In this paper, we present our ongoing work on the Simulated Environment for Developmental Robotics (SEDRo). SEDRo provides diverse experiences similar to human infants ranging from the fetus stage to 12 months age. Also there is a caregiver character which will assist an agent with cognitive bootstrapping. The objects (e.g. crib, toys, windows, walls etc.) will respond to the agent’s interaction through physics simulations from the Unity 3D game engine. The physical abilities of the agent and the efficacy of its sensors are subject to gradual enhancements, which follows the development of a human infant. To evaluate the intellectual progress of the agent at different stages, several developmental-psychology based tests are provided.

2 Proposed Environment

Figure 2: Ecosystem of SEDRo environment.

In this section, we present the proposed Simulated Environment for Developmental Robotics or SEDRo. The primary components of SEDRo and their relations are shown in Fig. 2. The two main components in SEDRo are the learning agent (with solid border), the simulated environment (with dashed border). Interactions between the agent and the caregiver allow cognitive bootstrapping and social-learning, while interactions between the agent and the surrounding objects are increased gradually as the agent gets into more developed stages.

SEDRo does not provide with any explicit reward mechanisms that might drive an agent to learn a particular skill. Instead, the responsibility of generating rewards belong to the agent itself. As an example, the energy level of the agent (i.e. food in its stomach) will be represented by a real number. The agent itself is responsible for generating a positive reward upon receiving food from the environment or a negative reward during starvation. Hence, the body of the agent is also part of the environment and the term ”agent” refers to the brain only.

In the current version, an agent is fed with sensory inputs recorded by touch, vision, acceleration, gravity and proprioceptors sensors. An agent can control its eye movements with 3 degree of freedom (DOF) and has access to both central and peripheral vision. Touch sensors are spread all over the agent’s body with higher density in face and limb regions, and provide a binary feature which represents if a contact has been made.
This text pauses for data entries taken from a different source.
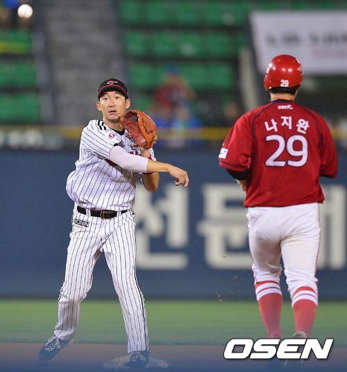 6회초 KIA 공격 무사 1, 2루 상황 이범호의 내야 땅볼 때 LG 2루수 손주인이 주자 나지완을 포스아웃 시킨 뒤 1루로 송구하고 있다.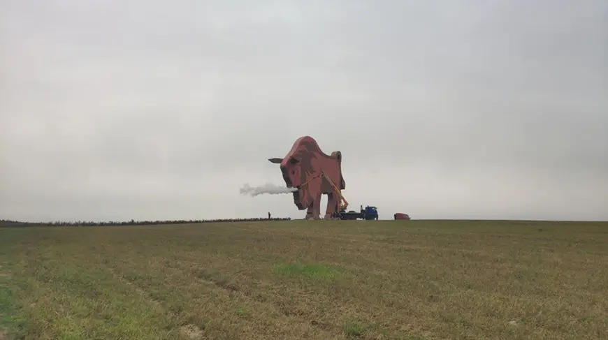 Символ Брестской области давно стал туристической визиткой, а теперь его решили сделать ещё зрелищнее. Уже в апреле зубр будет «дышать» паром на 5,5 метров под углом 45 градусов — раз в час. Позже разработчики обещают добавить звук — настоящий звериный рев.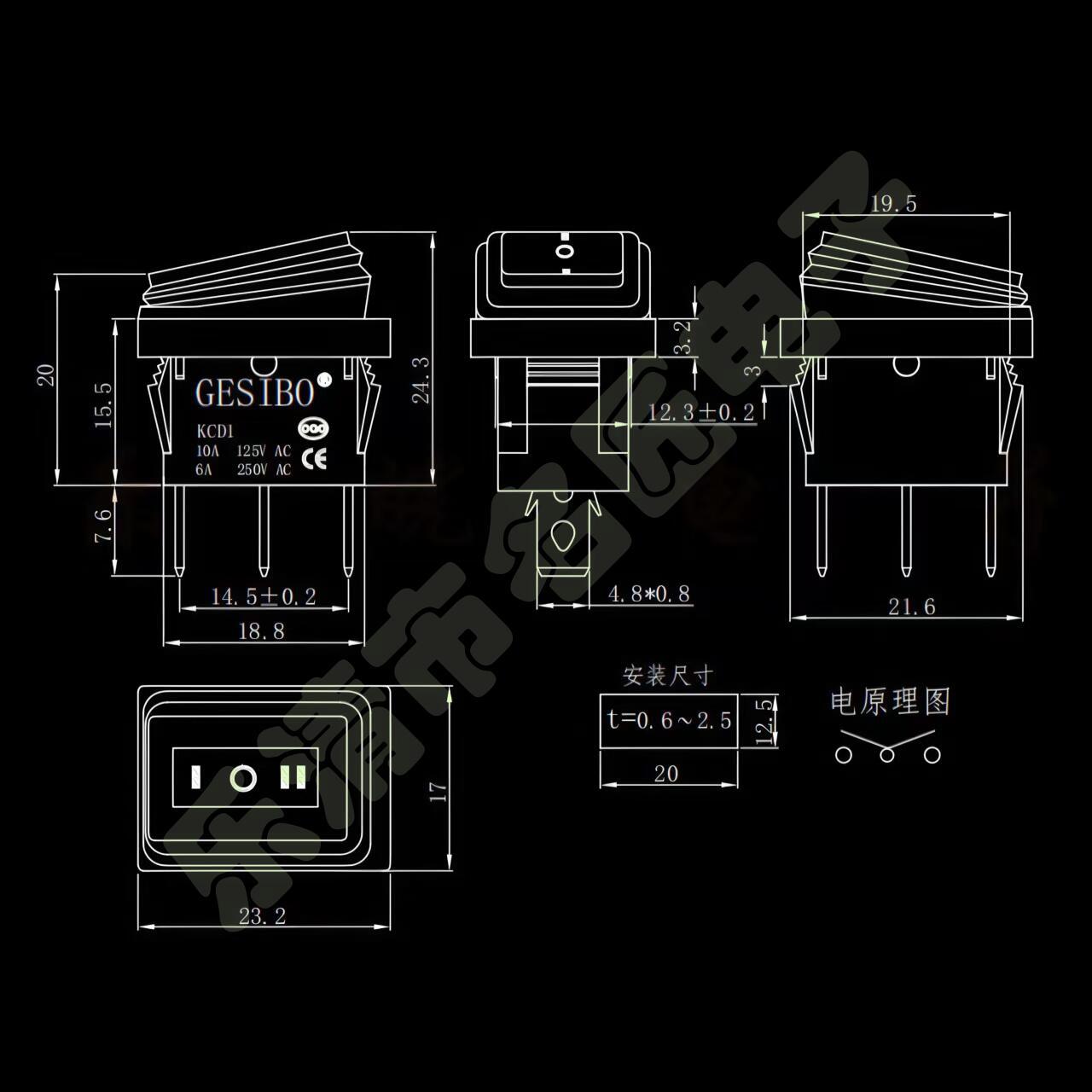 Interruptor Basculante Impermeable KCD1 Flecha Doble 3 Pines 3 Posiciones Negro Tres Pines Tres Posiciones con Flecha Interruptor Basculante Impermeable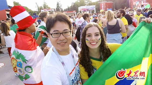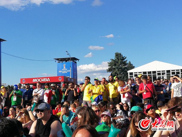 特派記者王封攝影報道 當(dāng)?shù)貢r間下午五六點,正是太陽毒辣的時候。在世界杯莫斯科球迷廣場,巴西與墨西哥球迷觀看比賽。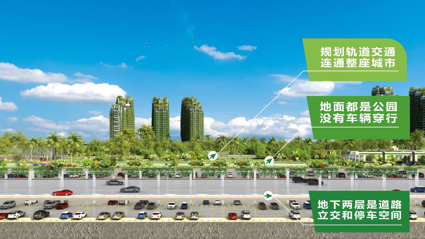 森林城市是碧桂園在馬來西亞打造的一座國際產能合作新城,被譽為“未來城市榜樣”。碧桂園集團董事局主席楊國強在接受專訪時說,森林城市使用垂直綠化,建筑外墻長滿植物,目之所及都是綠色環繞;建造立體交通,地面都是公園,地下為高速路和停車雙重空間,實現人車分流,地上軌道交通,連通整座城市。”這也是另一種多維度生態系統構筑立體城市的嘗試。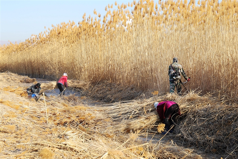 日前,甘肃张掖国家湿地公园茂盛的芦苇在阳光的照射下一片金黄,工人们忙着采割、装载、运输芦苇。芦苇可以调节气候、涵养水源,采收后可以作为造纸、建材、工艺品的原材料,也可作为防沙治沙的材料。 据人民网

In each hand, the motor output vectors constitute muscle torques, which will determine the 53 motors, including the 9 DOF.

3 Evaluation Framework

Figure 3: Rod and Box experiment from  (kellman1983perception).

An artificial agent within SEDRo encounters similar experiences of human infants from fetus stage up to 12 months of age, and infants from this age range are not capable of verbal communication. In developmental psychology, to effectively measure the intellectual developments of such non-verbal human infants, a range of experiments have been proposed (cangelosi2015developmental). The scope of these experiments are broad enough to cover a diverse behavioral spectrum and multiple sensory inputs such as vision, joint attention, motor, language, reasoning etc. Hence, within SEDRo environment, we use simulations of such established experiments as means to evaluate an artificial agent’s intellectual capabilities in different domains.

Fig. 3 illustrates one of such experiments, known as rod-and-box experiment  (kellman1983perception). The beginning of this experiment is the habituation phase where a rod is laterally moved and it’s central portion is hidden behind a large, solid screen or box. As infants get habituated to this scene, which can be predicted by their below-average eye-gaze time, one of the two following scenes are shown. During this post-habituation stage, in one case, a solid rod is shown without the solid box. In another case, two segments of rod are shown as if the initial rod has been been broken at the center. The reactions from the infants can be compared based on their average eye-gaze time. Since new-born infants do not have perceptual completion  (slater1996newborn), they tend to spend more time looking at the solid rod as that is more familiar to the original rod behind a box scene. However, after four months infants start to develop the perceptual completion skill and spend longer time looking into the broken rod scene. Within SEDRo, we will compare the average eye-gaze time from artificial agents and response from human infants to measure development of perceptual skills.